Monday, January 17, 2011

Rest in peace, my good friend Peter Hobbs.

I knew Peter for 35 years, drank with him many times,
even got in a soused fight with him once over which
one of was a bigger lefty and more against war. He
was a hell of an actor (in dozens of TV shows, Broadway,
films (including the main doc in Woody Allen's "Sleeper")
but an even better friend who bailed me out of many a jam,
including loaning me money to see a fortune-teller (he didn't
ask what the dough was for & I didn't say) when I was nuts,
right before I got sober. Damn, the more I think about it the
more I remember all he did for me. He was a damn good guy
& I miss him and can't believe he's not down there right
now listening to one of his audio books.
Here's an article on his reading habits:
Peter's 630 audio books!

And here's Peter's obit
from the LA Times that I helped write.

EDIT: Apparently the Times archived the obit & you have to
pay to see it. Grrr. Here it is:

After a brief illness, Peter passed away peacefully at his
home in Santa Monica, surrounded by family.

Born in Etretat, France, to Dr. Austin L. Hobbs and
Mabel Foote Hobbs, Peter was raised in New York
City, attended Solebury School in Pennsylvania, and
graduated in Drama from Bard College. In World War II
he served in Europe as a Sergeant in Combat Engineering and
fought at the Battle of the Bulge. Peter was especially proud of his
role in safeguarding the lives of the men in his platoon.

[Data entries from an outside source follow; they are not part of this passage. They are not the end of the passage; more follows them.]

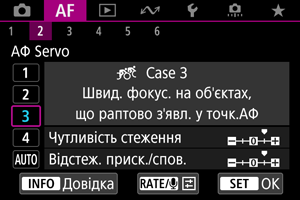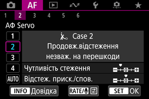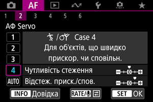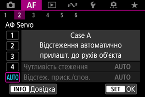 Проте краще натомість вибрати значення [Case 2]–[Case 4], якщо через точки АФ рухаються сторонні об'єкти, об'єкти зйомки важко впіймати або вони несподівано з’являються чи змінюють швидкість.
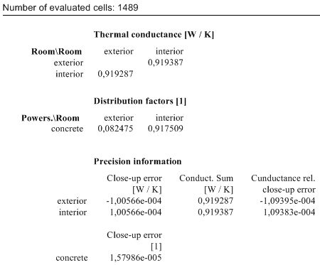 Note: The conductance matrix results shown here are only "borderline acceptable" in terms of precision. For some purposes, a re-calculation of the base solutions with a more stringent termination condition may be called for at this point, before continuing with evaluation. For a demonstration object, however, the precision of these results will suffice. The table of heat source distribution factors is printed out separately. These results imply that the heat source, i.e. the simulated electric heating assembly meant to heat space "concrete", would lose approximately 8% of its power to the exterior space - without flooring over the concrete topping. Note: Just as the conductance matrix, the heat source distribution factors are condition-independent, i.e. valid for any temperatures and source powers of evaluation. Activate View→Windows→Psi-Value Determination menu.
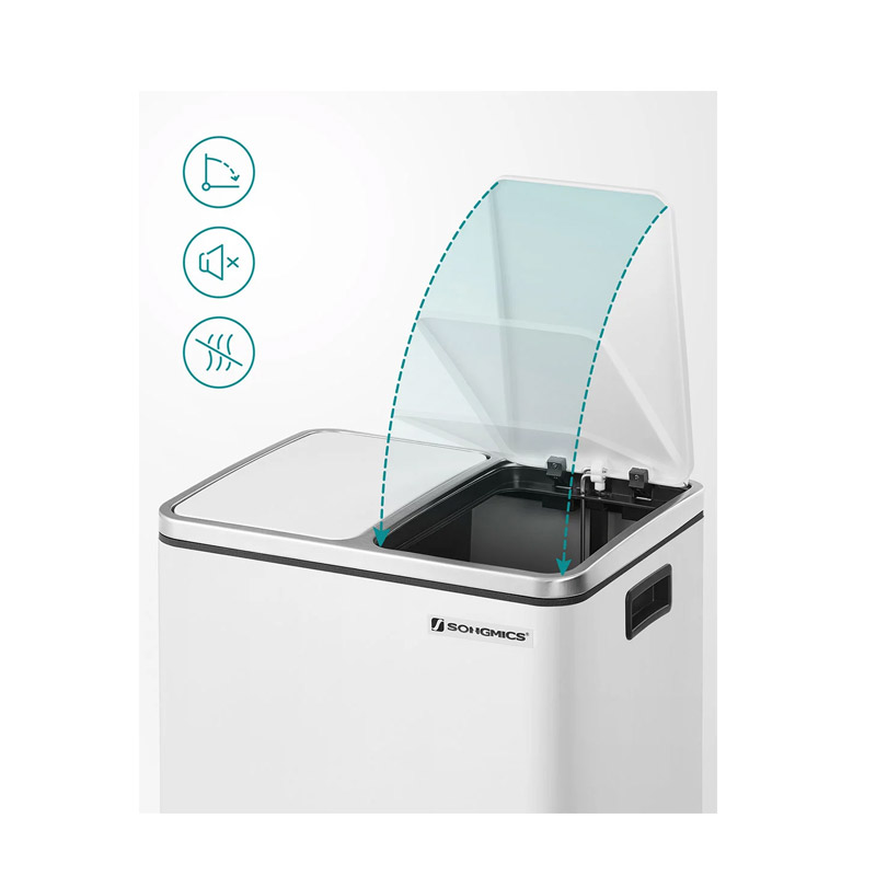 Μεταλλικός Διπλός Κάδος Απορριμμάτων από Ατσάλι με 2 Πεντάλ και Σύστημα Soft-Close 30 Lt Χρώματος Λευκό Songmics LTB30WT

Peter enjoyed a 50-year career as an actor in theater, TV, and film.
He played on Broadway (notably, “Teahouse of the August Moon”
and “Billy Budd”); on TV (from his role as Peter Ames in “Secret Storm”
from 1954 to 1962, to “Perry Mason,” “The Dick Van Dyke Show,”
“The Andy Griffith Show,” “Bonanza,” “All in the Family,”
“The Odd Couple,” “Streets of San Francisco,” “Happy Days,”
“Barney Miller,” “Lou Grant,” “M*A*S*H,” “Knots Landing,”
“L.A. Law,” and dozens more); and in film (“Sleeper,”
“Man with Two Brains,” “9 to 5,” “Any Which Way You Can,”
“Andromeda Strain,” “In the Mood,” and “The Lady in Red”).

Peter was a devoted husband and loving father, a good and generous
friend and neighbor, an amiable, passionate and good-humored man
who loved life, all kinds of people, progressive politics, reading, acting,
spirited conversation, laughter, and a cocktail or two now and then. He
was a vibrant man who, whether you knew him on the screen or in life,
put a smile on your face and joy in your heart. “Point of order!”
as he liked to say: You gave them a good show, Peter!

Peter is survived by his wife of 28 years, Carolyn Adams
Hobbs; three daughters, Anna Hobbs of Barcelona, Jennifer
McVeigh of Prospect, Maine, and Nancy Hobbs of New York
City; two stepsons, Mark and Adam Richards of Santa Monica;
and six grandchildren and two great-grandchildren.

So long, ol' pal, great
guy, loved life, died peaceful, wonderful friend. Still wait
every day for his call telling us the mail's in.